HPLC was performed by the Agilent 1,100 Series HPLC system (Aglient Co. Ltd., Santa Clara, CA, United States) with an Agilent Zorbax SB-C18 column (250 mm × 4.6 mm, 5 µm) at 28°C. The mobile phase was composed of A (0.01% acetic acid solution) and B (0.01% acetic acid-acetonitrile) with a linear gradient elution program as follow: 0–30 min, 19–21% B; 30–35 min, 21–28% B; 35–41 min, 28–32% B; 41–52 min, 32–32% B; 52–70 min, 32–53% B; 70–80 min, 53–90% B. The injection volume was 20/5 µL. A 10 min equilibration time was adopted between HPLC runs. The flow rate was 1.0 ml/min and the detection wavelength was set at 203 nm.
Data Analysis
The heart RBCs intensity was assessed by Image-Pro Plus 6.0 (Media Cybernetios Inc., Rockvile, MD, United States). Differences of RBCs between groups were assessed by one-way analysis of variance (ANOVA), difference of inhibition rates between normal and abnormal XST groups was assessed by t-test, analysis was performed by GraphPad Prism six software. Peak areas were qualitatively analyzed by the Agilent ChemStation for LC Systems (Rev. B. 04. 03) (Aglient Co. Ltd., Santa Clara, CA, United States).
Results
The Anti-Platelet Aggregation Efficacy of XST Based on AA-Induced Zebrafish Thrombosis Model
Zebrafish were stained with o-dianisidine, images were acquired through a stereomicroscope and quantified by an image software. As shown in representative images (Figure 1A), compared with the control group, the RBCs were significantly decreased in the heart area of zebrafish in the model group (marked by the red dashed line), apart from this, the accumulation of RBCs in the caudal vein of zebrafish (marked by the red arrow) was significantly enhanced. These results indicated that the AA-induced zebrafish thrombosis model was successfully established. Aspirin is a well-known anti-platelet aggregation drug (Warner et al., 2011). Our results showed that it had outstanding efficacy on zebrafish with thrombus at 22.5 µg/ml. XST also exerted an anti-thrombotic effect at 400 µg/ml, it significantly inhibited RBCs aggregation in caudal venous and recovered the quantity of RBCs in the heart of AA-treated zebrafish. The results of quantitative analysis are exhibited in Figure 1B.

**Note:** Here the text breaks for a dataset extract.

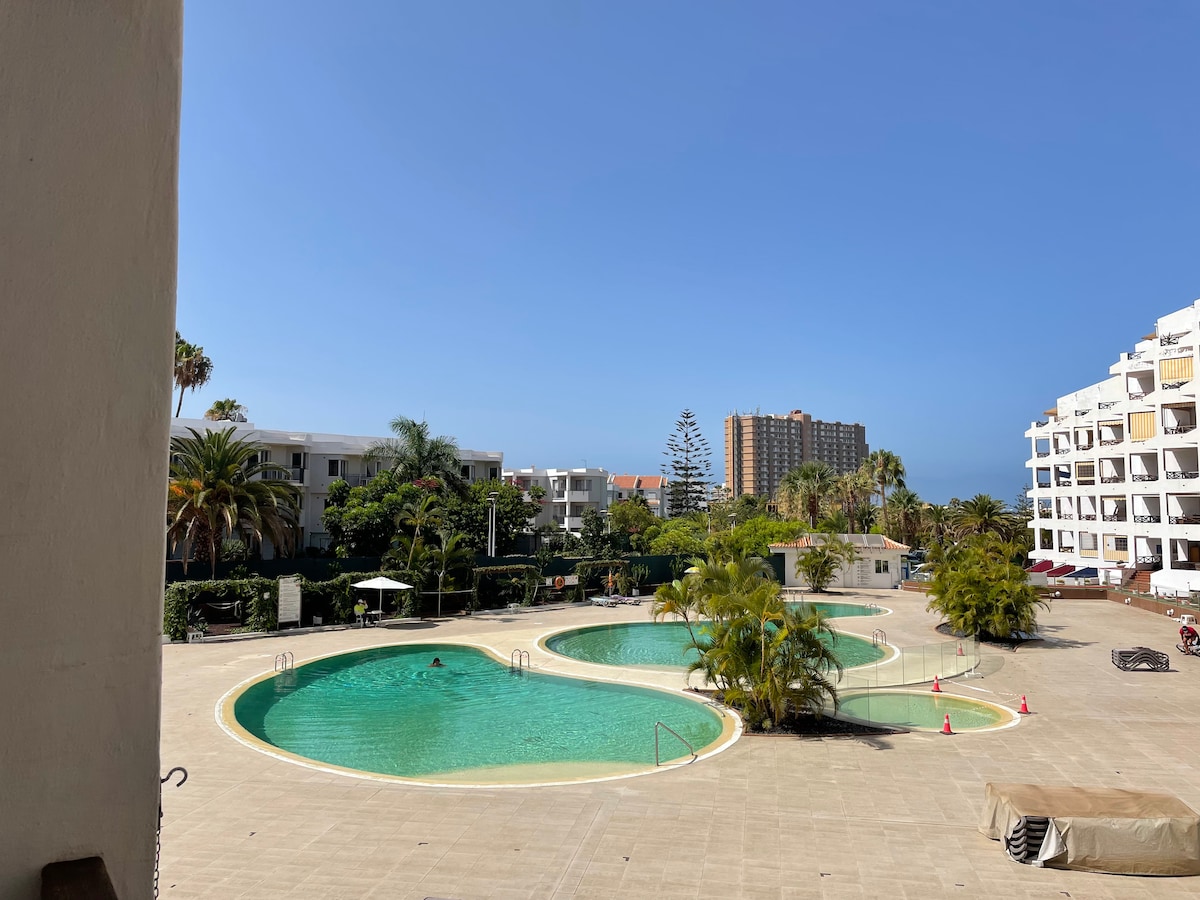 Pitajte me za posebnu cijenu! Udoban stan s pogledom na bazen. Nalazi se samo 3 minuta od mora. U blizini plaža Las Vistas i Los Tarajales. Ima veliki bazen sa besplatnim sunčalištem. Supermarket je otvoren svakog dana, a apoteka 50 mtrs. Samo 10 minuta od autobuske stanice i 15 km od aerodroma Tenerife Sur. Stan ima dnevni boravak, opremljenu kuhinju, kupatilo, mašinu za veš, spavaću sobu, terasu i Wi-Fi. Lijepo za dvije osobe koje putuju same.
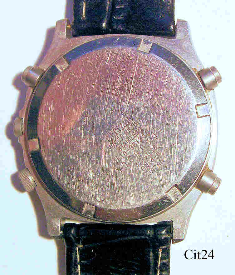 Ein Citizen Chronograph mit Edelstahl Gehäuse und Stainless Steel Back. Kaliber Citizen 3510 (Miyota 3S10), Datum bei der 6, Beschriftung vorn: “Citizen, Quartz, Chronograph, Alarm, Water Resist, 100“, hinten: “Citizen, Water Resist, Stainless, 3510-351240 K, 50600395, 37-30367, GN-4-S, Japan”, innen: “Unadjusted, 3510, Twelve 12 Jewels, Citizen Watch Co.”. Schwarzes Lederarmband.

FIGURE 1. (A) Zebrafish were stained with o-dianisidine in the control group, model group (AA 40 µmol/L), aspirin group (AA 40 µmol/L + aspirin 22.5 µg/ml), and XST group (AA 40 µmol/L + XST 400 µg/ml), RBCs in heart were marked by red dashed lines, caudal venous thrombus were guided by red arrows; (B) quantitative analysis measured the intensity of RBCs of zebrafish in heart area. The error bars represent the standard deviation of means, n = 10. All data were expressed by the mean ± SD, ##p < 0.01 vs. control group; **p < 0.01, *p < 0.05 vs. model group.
In order to verify the results obtained above, LCR-GFP (locals control region-green fluorescence protein) zebrafish with GFP-labeled hemoglobin were adopted for further study. The RBCs of thrombotic zebrafish accumulated in the caudal vein, and the blood flow was discontinuous and slow, furthermore the RBCs in the heart were decreased. The situation was improved in the XST treated group. Representative images were obtained by video recording and are shown in Figure 2. In addition to this, XST could restore RBCs intensity in thrombotic zebrafish dose-dependently, the minimum effective dose was 280 µg/ml (Figure 3B). Representative images are shown in Figure 3A.
FIGURE 2. Transgenic LCR-GFP zebrafish in the control group, model group (AA 40 µmol/L), and XST group (AA 40 µmol/L + XST 400 µg/ml), RBCs in heart were marked by red dashed lines, caudal venous thrombus were guided by red arrows. n = 10.
FIGURE 3. (A) Zebrafish were stained with o-dianisidine in the control group, model group (AA 40 µmol/L), and XST groups of different concentrations (AA 40 µmol/L + XST 200, 240, 280, 320, 360, and 400 μg/ml), RBCs in heart were marked by red dashed lines; (B) quantitative analysis measured the intensity of RBCs of zebrafish in the control group, model group (AA 40 µmol/L), and XST groups of different concentrations (AA 40 µmol/L + XST 200, 240, 280, 320, 360, and 400 μg/ml) in the heart area. The error bars represent the standard deviation of means, n = 10. All data were expressed by the mean ± SD, ##p < 0.01 vs. control group; **p < 0.01, *p < 0.05 vs. model group.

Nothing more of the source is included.